In July of 2012 the group filed an appeal to reverse the lower court’s decision.

In June of 2013, a three-judge panel at the Court of Appeals for the Federal Circuit dealt the farmers a blow in dismissing the case.

“In light of the Court of Appeals decision, Monsanto may not sue any contaminated farmer for patent infringement if the level of contamination is less than one percent,” Daniel Ravicher, Executive Director of the Public Patent Foundation (PUBPAT) and lead counsel to the plaintiffs, said in a statement on Monday. But the Supreme Court’s decision is “disappointing,” Ravicher said, and “it should not be misinterpreted as meaning that Monsanto has the right to bring such suits.”

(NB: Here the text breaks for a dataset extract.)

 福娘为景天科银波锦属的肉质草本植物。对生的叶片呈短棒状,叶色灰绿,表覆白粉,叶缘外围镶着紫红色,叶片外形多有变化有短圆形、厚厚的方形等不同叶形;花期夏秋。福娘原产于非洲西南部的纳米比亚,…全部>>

“This high court which…under Citizens United in 2010 gave corporations the power to buy their way to election victories, has now in 2014 denied farmers the basic right of protecting themselves from the notorious patent bully Monsanto.”

—Jim Gerritsen, OSGATA

Organic dairy farmer and plaintiff Rose Marie Burroughs of California Cloverleaf Farms adds that “GMO contamination levels can easily rise above 1% and then we would have zero protection from a costly and burdensome lawsuit.”

OSGATA’s Gerritsen slammed the Court’s decision as putting a “notorious patent bully” above family farmers.

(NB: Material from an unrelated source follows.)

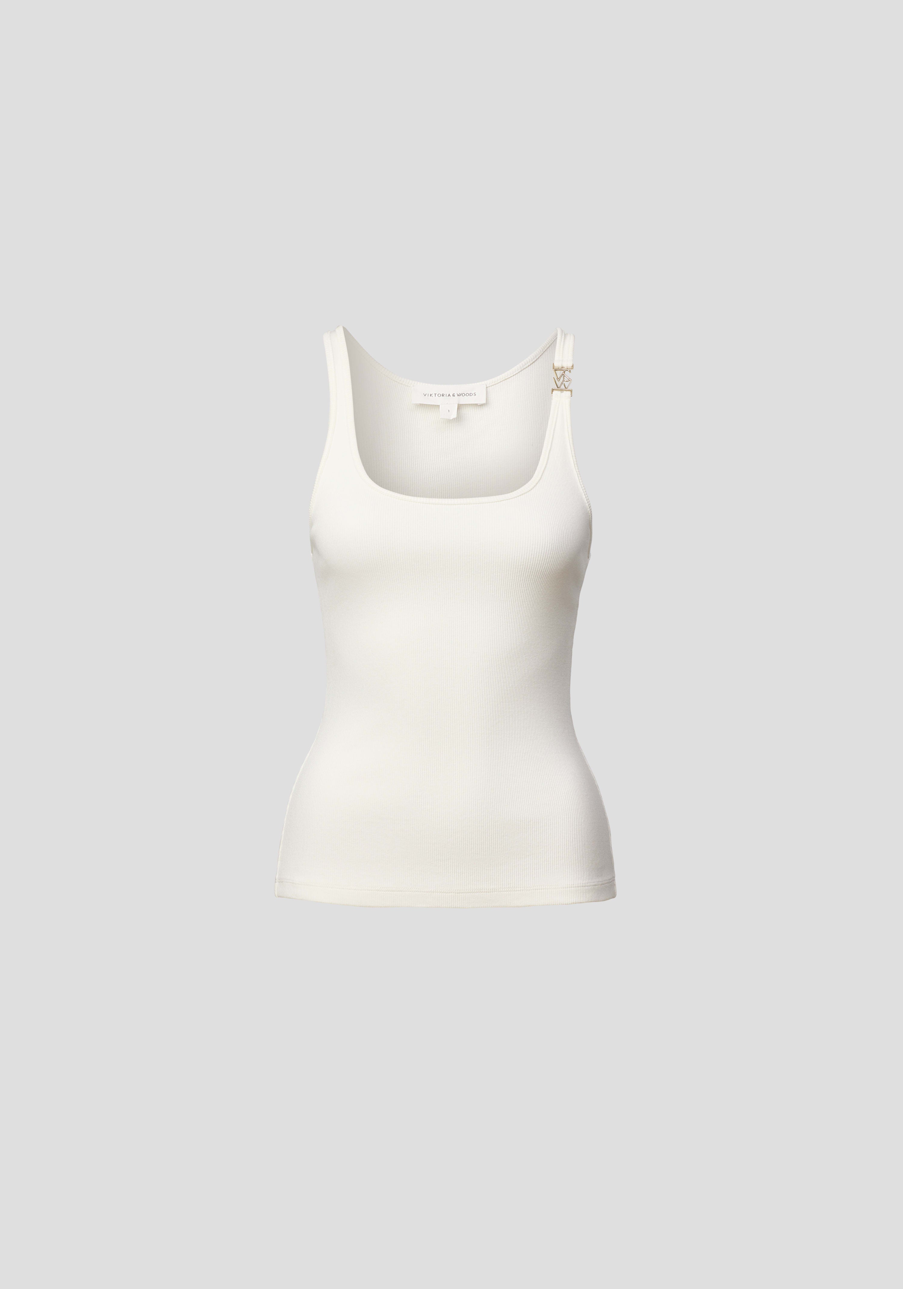 Bring new life to your everyday essentials with the Victor Tank, an elevated take on the classic tank top. Crafted from our signature 2x2 organic cotton rib in ivory, this fitted silhouette showcases a flattering scoop neckline and sleek V&W hardware on the strap. The perfect starting point for any outfit, it exudes effortless luxury with every wear.

“The Supreme Court failed to grasp the extreme predicament family farmers find themselves in,” stated Gerritsen. “The Court of Appeals agreed our case had merit. However, their safeguards they ordered are insufficient to protect our farms and our families.”

“This high court which gave corporations the ability to patent life forms in 1980, and under Citizens United in 2010 gave corporations the power to buy their way to election victories, has now in 2014 denied farmers the basic right of protecting themselves from the notorious patent bully Monsanto,” Gerritsen stated.

Dave Murphy, founder and executive director of Food Democracy Now!, another plaintiff in the case, added, “Once again, America’s farmers have been denied justice, while Monsanto’s reign of intimidation is allowed to continue in rural America.”